Self-heal is edible: the young leaves and stems can be eaten raw in salads; the plant in whole can be boiled and eaten as a potherb; and the aerial parts of the plant can be powdered and brewed in a cold infusion to make a beverage.[Clarification needed]
Description
Prunella vulgaris grows 5 to 30 cm high (2-12inches), with creeping, self-rooting, tough, square, reddish stems branching at leaf axis.[1]
The leaves are lance shaped, serrated, and reddish at tip, about 2.5 cm (1 inch) long and 1.5 cm (half an inch) broad, and growing in opposite pairs down the square stem. Each leaf has 3-7 veins that shoot off of the middle vein to the margin. The stalks of the leaves are generally short, but can be up to 5 cm (2 inches) long.[2]
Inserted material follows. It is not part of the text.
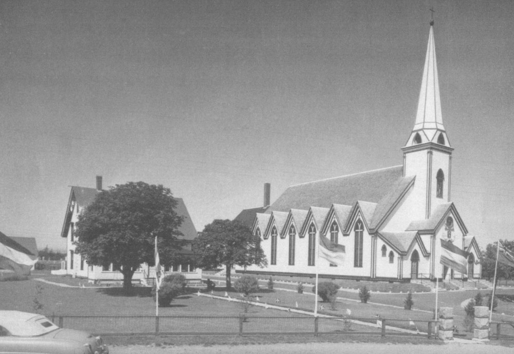 The church is architecturally unique in this part of Nova Scotia with its six bays of gothic dormers projecting from each side of the roof. The church and the parish continue to prosper today. This photograph was taken by an unknown professional photographer in 1951 during West Pubnicos Tercentenary. It was originally reproduced as a commercial postcard. Architectural plans for the building were contracted from J.B. Kinney of the firm Kinney & Haley of Yarmouth. It was constructed between 1888-1891. In 1891 the new Saint Pierre Church was completed and opened for worship.

The flowers grow from a clublike, somewhat square, whirled cluster; immediately below this club are a pair of stalkless leaves standing out on either side like a collar. Flowers are two lipped and tubular. The top lip is a purple hood, and the bottom lip is often white; it has three lobes with the middle lobe being larger and fringed upwardly. Flowers bloom at different times depending on climate and other conditions, but mostly in summer (from June to August in the USA).
Self-heal propagates both by seed and vegetatively by creeping stems that root at the nodes.[3]
Uses
Topically, a poultice of the plant is applied to irritated skin, as a disinfecting agent and to pack wounds in the absence of other wound-care material. It was considered by the Chinese to "change the course of a chronic disease".
- Heal-all is edible, and can be used in salads, soups, stews, and boiled as a pot herb.
- The plant contains vitamins A, C, and K, as well as flavonoids and rutin.[4]